For PostgreSQL and MySQL, more changes are required. That's because these technologies rely on OS mechanisms. A DBA that works with PostgreSQL, MySQL, or modern NoSQL should be “Linux operation engineer” and spin different OS nuts.

Anyone who wants to figure out how to tweak the kernel settings refers to the LWN . The resource is brilliant, minimalistic, contains a lot of useful information, but it is written by kernel developers for kernel developers . What do kernel developers write well? The core, not the article, how to use it. Therefore, I will try to explain everything to you for the developers, and they let the kernel write.

Everything is repeatedly complicated by the fact that initially the development of the Linux kernel and the processing of its stack lagged behind, and in recent years have gone very quickly. Neither hardware nor developers are keeping pace with articles.

Typical database

Let's start with PostgreSQL examples — here is buffered I / O. It has a spiced memory, which is distributed in the User space from the point of view of the OS, and has the same cache in the kernel cache in the Kernel space .

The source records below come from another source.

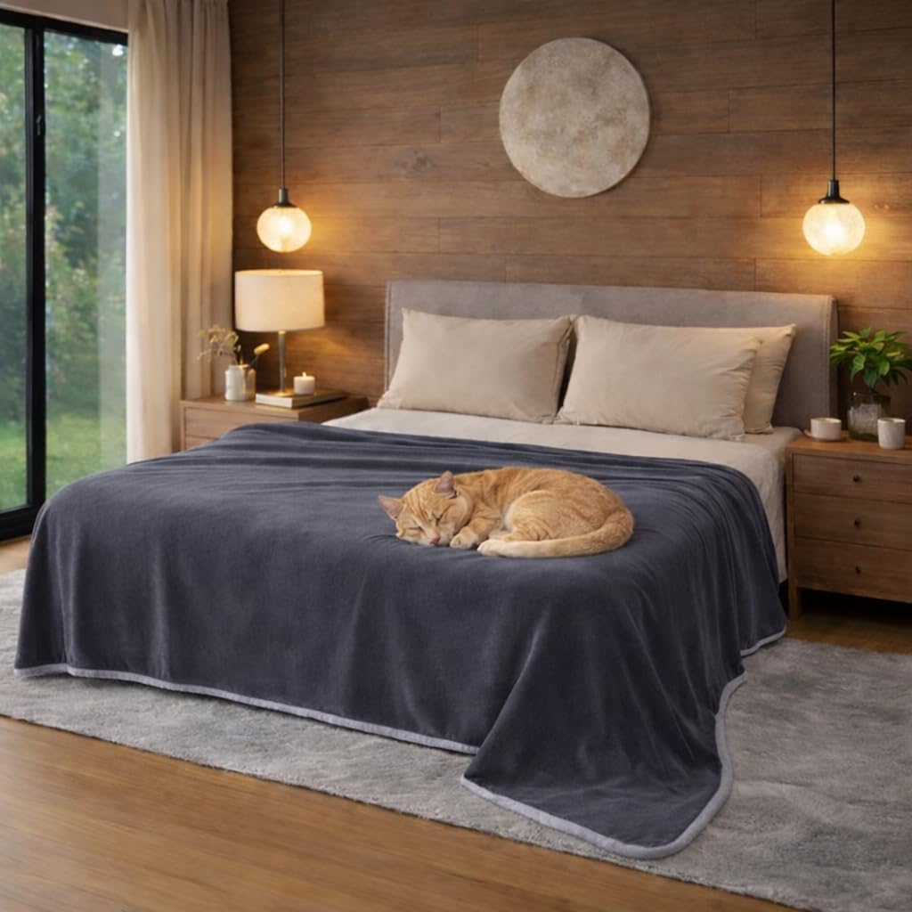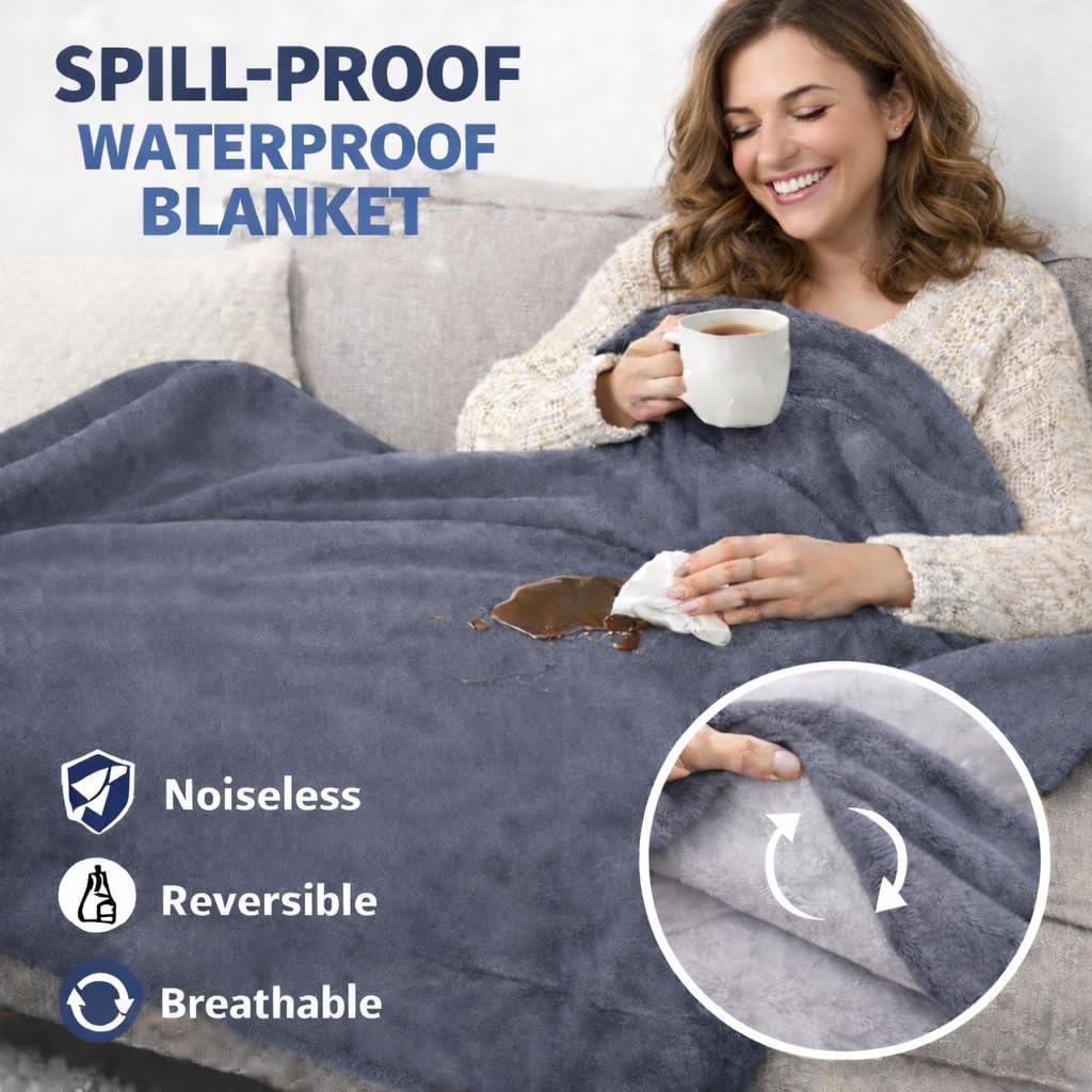 Това красиво, многофункционално и водоустойчиво двулицево одеяло предпазва вашите мебели и спално бельо от петна, причинени от разливи, урина и други неудобства. Вече не е нужно да се притеснявате, че котката ви ще използва леглото ви като тоалетна, кучета с мръсни лапи ще скачат върху скъпите ви завивки или когато искате да се забавлявате с партньора си. Външният слой от водоотблъскващ фланел е мек и пухкав на допир и е идеален за използване в леглото или като кучешко одеяло за дивани.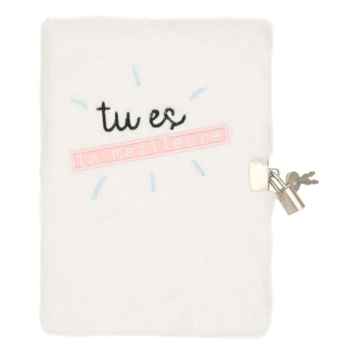 Draeger Paris - Vit plysch intim dagbok du är den bästa- dagbok med hänglås och nycklar för hennes personliga hemligheter - present till flicka, dam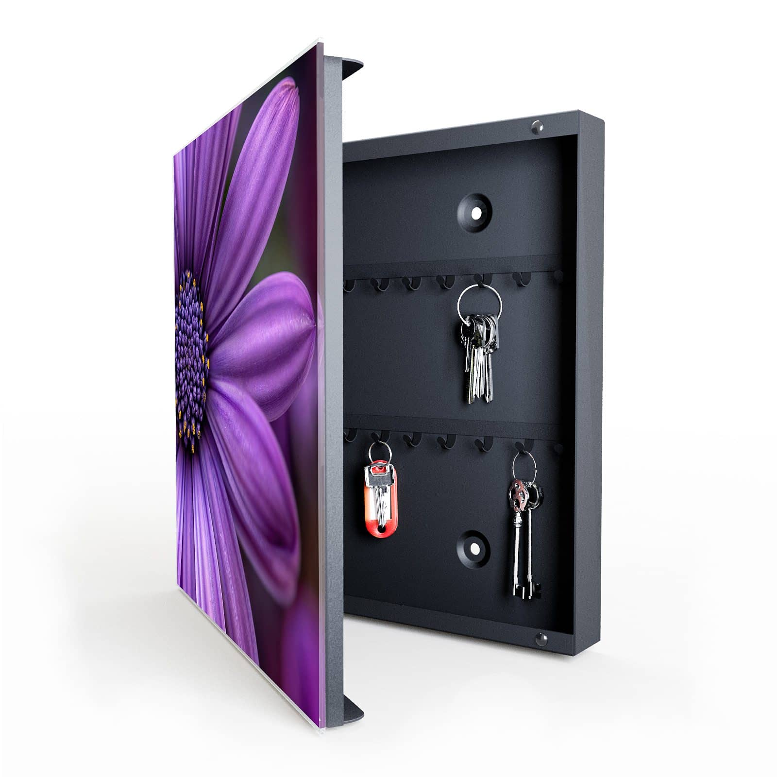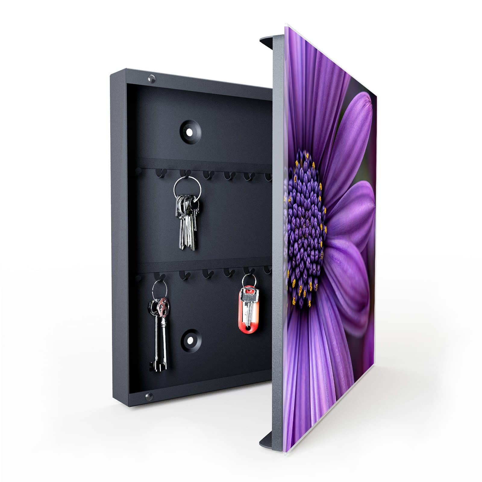 Mit dem Schlüsselkasten von Primedeco gehört das lästige Suchen nach Schlüsseln der Vergangenheit an. Egal ob Hausschlüssel, Autoschlüssel oder Ersatzschlüssel – in diesem stilvollen Kasten aus beschichtetem Stahl und gehärtetem Glas finden alle Schlüssel einen übersichtlichen und platzsparenden Aufbewahrungsort. Dank der 5 Hakenreihen mit insgesamt 50 Plätzen bietet er genügend Raum für Familien, Büros oder kleine Unternehmen.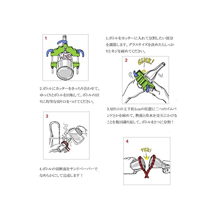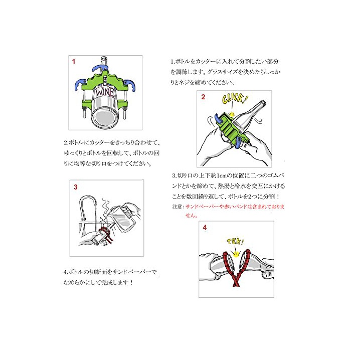 【사용 방법】와인 보틀을 분할 하고 싶은 부분에 커터를 조절.천천히 보틀을 회전시키고, 단면의 라인이 희미하게 볼 수 있으면,열탕과 냉수를 번갈아 거는(걸치는) 것을 몇차례 반복해,라인을 기점에 ## 넘기이라고 분할!누구라도 손쉽고 간단하게 완성으로 옵니다!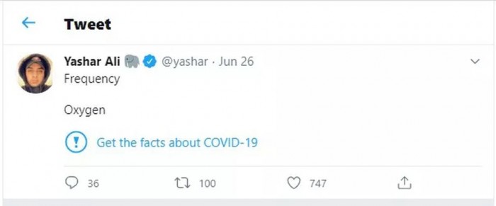 任何被认为可能存在误导性的推文都会被添加这个标签。但决定哪些推文被标记的系统显然有些过于一刀切。部分包含单词“oxygen”(氧气)和“frequency”(频率)的推文都会触发该事实审查标签,因此有部分阴谋论认为 5G 的“频率”会吸走大气层中的“氧气”。
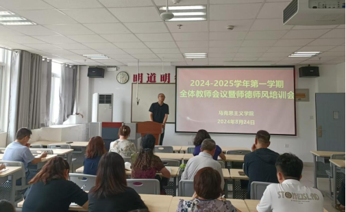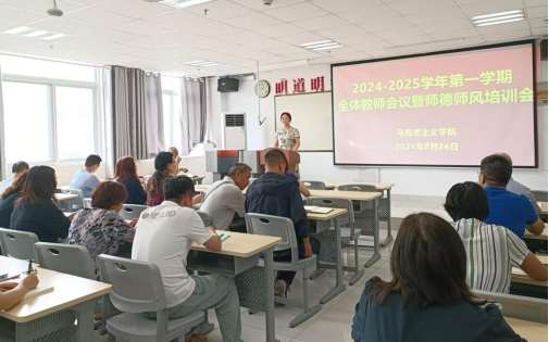 为营造良好的开学氛围,加强对教学和科研工作的统筹部署和安排,提升师德师风建设质量和水平,8月24日,公司在八号楼五楼518教室召开新学期全体教师会议暨师德师风培训会。公司党政领导班子成员和全体教师参加会议。会议由党总支书记刘麦霞主持。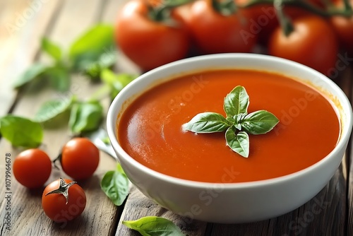 Delicious tomato soup in a bowl on a wooden background, selective focus.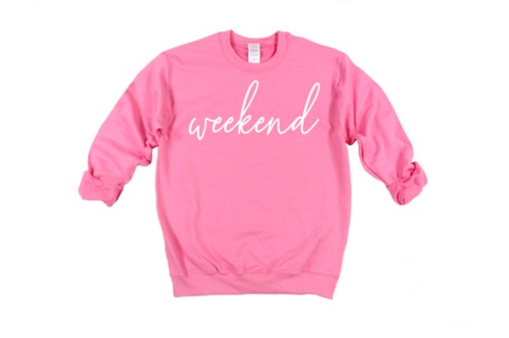 Living for the weekends!! Love this beautiful bright pink crew neck sweatshirt!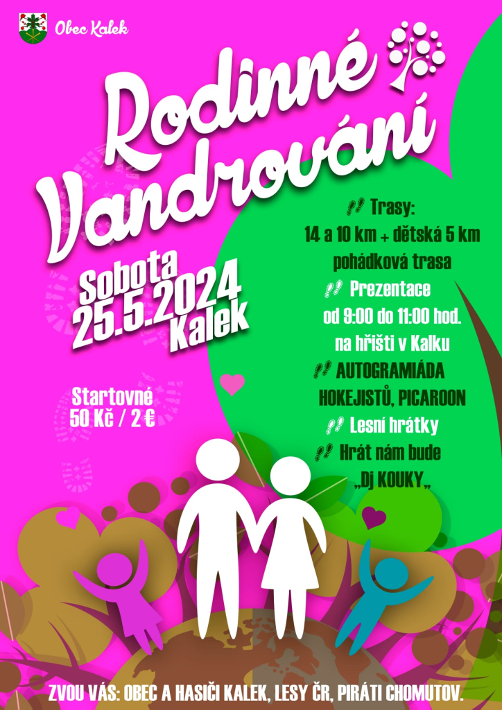 Zveme Vás v sobotu 25.5.2024 na turistickou akci RODINNÉ VANDROVÁNÍ. Sraz je u dětského hřiště v Kalku mezi 9 - 11 hod. Připravili jsme pro Vás 10, 14 km trasu a pro děti 5 km trasu pohádkovým lesem. Doprovodným programem Vás provede DJ KOUKY, čeká Vás autogramiáda hokejistů atd.

The main task of the modern database :

raise to memory page from the disk;
when a change occurs, mark the pages as dirty;
write to Write-Ahead Log;
after that, synchronize the memory so that it is consistent with the disk.

In a PostgreSQL situation, this is a constant round trip: from the spherical memory that PostgreSQL manages to the Page Cache of the kernel, and then to disk through the entire Linux stack. If you use a database on a file system, it will work with this algorithm with any UNIX-like system and with any database. There are differences, but insignificant.

When using Oracle, ASM will be different - Oracle itself interacts with the disk. But the principle is the same: with Direct IO or with Page Cache, but the task is to run the pages as quickly as possible through the entire I / O stack , whatever it may be. And problems can arise at every stage.

Two IO problems

While everything is read only , there are no problems. Read and, if there is enough memory, all the data that needs to be counted, are placed in RAM. The fact that in the case of PostgreSQL in Buffer Cache is the same, we are not very worried.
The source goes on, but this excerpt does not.